A l’échelle locale, les politiciens ont leurs « petites mains », des groupes de jeunes criminels pour faire le sale boulot.
« Ils ont cassé le pare-brise de ma voiture, vandalisé mon bureau, cassé mon matériel, franchement, c’est pas facile », témoigne Zainab Yusuf.
Les jeunes, pour beaucoup au chômage et facilement manipulables, attendent les périodes électorales pour se faire de l’argent.

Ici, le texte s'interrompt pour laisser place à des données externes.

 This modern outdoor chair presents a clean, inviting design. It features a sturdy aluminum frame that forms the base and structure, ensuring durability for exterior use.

Sans surprise, et comme partout, c’est l’argent qui contrôle et dicte la scène politique au Nigeria. Mais dans un pays gangréné par la corruption, ce lieu commun prend encore plus de sens.
– Millions de dollars –
Les campagnes électorales drainent des dizaines de millions de dollars en « cadeaux » pour ses soutiens, en nourriture distribuée aux supporters lors des meetings, ou en posters qui apparaissent par centaines sur tous les axes des villes.

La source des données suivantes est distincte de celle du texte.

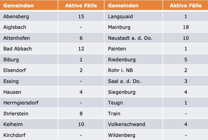(ty) Im Kreis Kelheim gibt es in Zusammenhang mit der Corona-Pandemie ein weiteres Menschenleben zu beklagen. Wie das Landratsamt heute mitteilte, ist eine mit dem Virus infizierte Frau (Jahrgang 1972) gestorben, die nicht an Vorerkrankungen litt. Damit erhöht sich die Zahl der mit dem Corona-Virus infizierten Landkreis-Bürger, die gestorben sind, auf nunmehr 107. Die weitere Situation stellt sich wie folgt dar: Unter Verweis auf Daten des Gesundheitsamts teilte das Landratsamt heute mit, dass – Stand gestern, 16 Uhr – die Zahl der im Kreis Kelheim positiv auf den neuartigen Erreger getesteten Menschen bei insgesamt 5997 liegt – das sind 13 mehr als gestern gemeldet. Insgesamt 5783 hiesige Corona-Patienten (gestern: 5761) wurden wieder aus der Quarantäne entlassen und gelten als genesen. Derzeit gebe es 107 aktive Corona-Fälle im Landkreis (gestern: 117). Zahlen aus den einzelnen Gemeinden zeigt die Tabelle unten. Mittlerweile gelten deutliche Lockerungen der Corona-Regeln.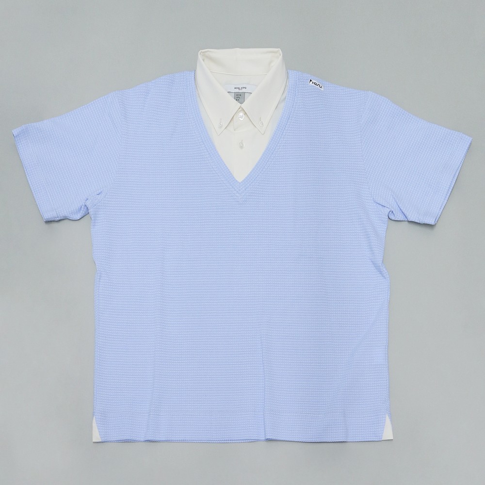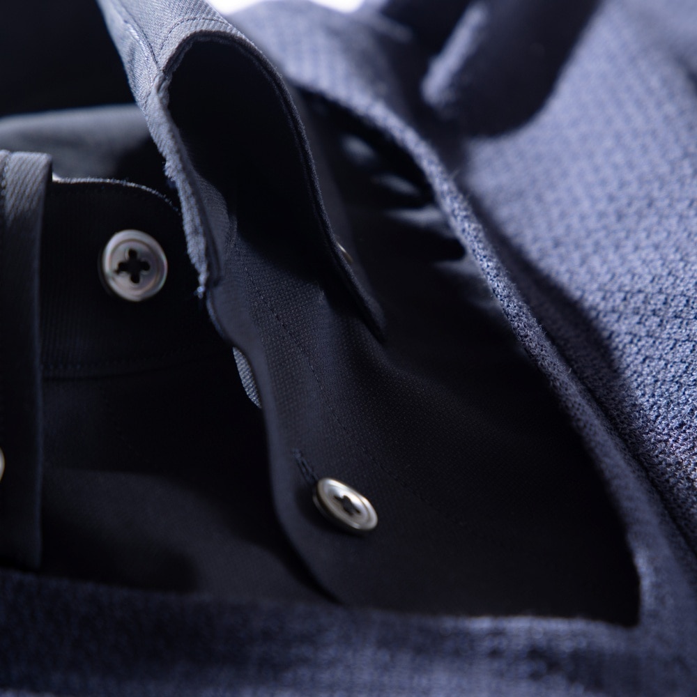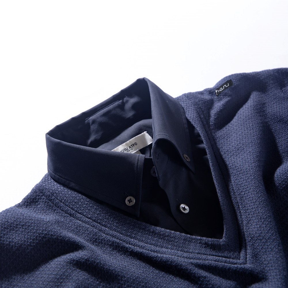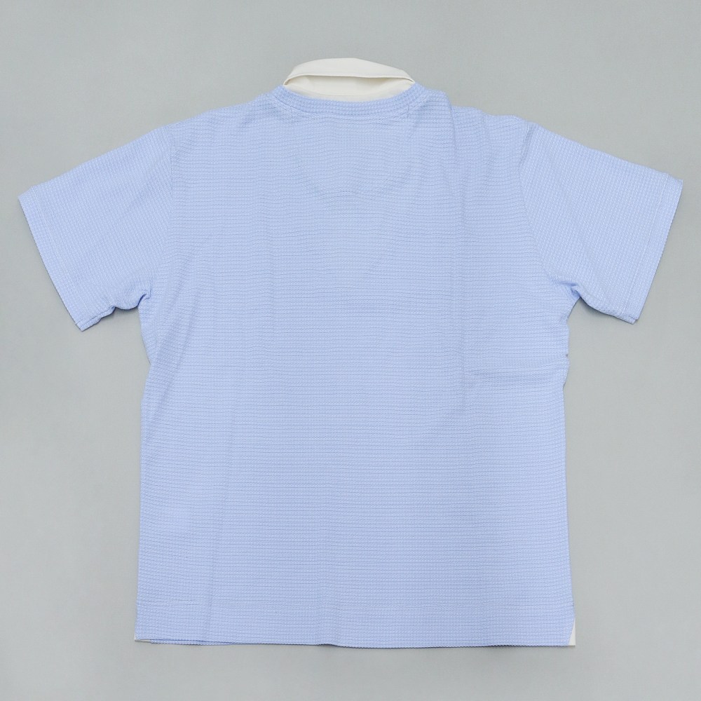 ドレスシャツのパターンを取り入れた襟に、クールマックス素材をレイヤード。シャツとニットのスタイルを1枚で仕上げることが出来るドレスポロシャツ。シャツ地には適度なハリ感を持ったストレッチ素材を採用し、メインとなるニット部分は吸汗速乾の機能素材「COOL MAX」を採用。凹凸感のある編み地が特徴の生地で、肌との接地面に隙間が出来、夏でも涼しく快適に着用出来る。

A titre indicatif le candidat malheureux à la primaire des législatives de l’Etat d’Ogun avait déjà dépensé 40 millions de nairas (près de 100.000 euros) pour sa campagne ratée.
Au Nigeria, où tout, absolument tout se monnaye, il faut même payer les médias locaux pour espérer une place dans les journaux ou un temps de radio.
Il faut payer également ses propres observateurs dans les bureaux de vote pour être sur que les votes se déroulent dans des conditions équitables. Et, très souvent, payer l’électeur en échange de son bulletin.
La jeune Zainab Yusuf espère qu’elle arrivera à conquérir les coeurs des électeurs autrement. « Les grands partis dépensent des millions mais nous, nous voulons rester proches des préoccupations des gens ».
Malheureusement, au Nigeria, où 87 millions de personnes vivent sous le seuil de l’extrême pauvreté, la principale préoccupation pour l’immense majorité reste de pouvoir se nourrir.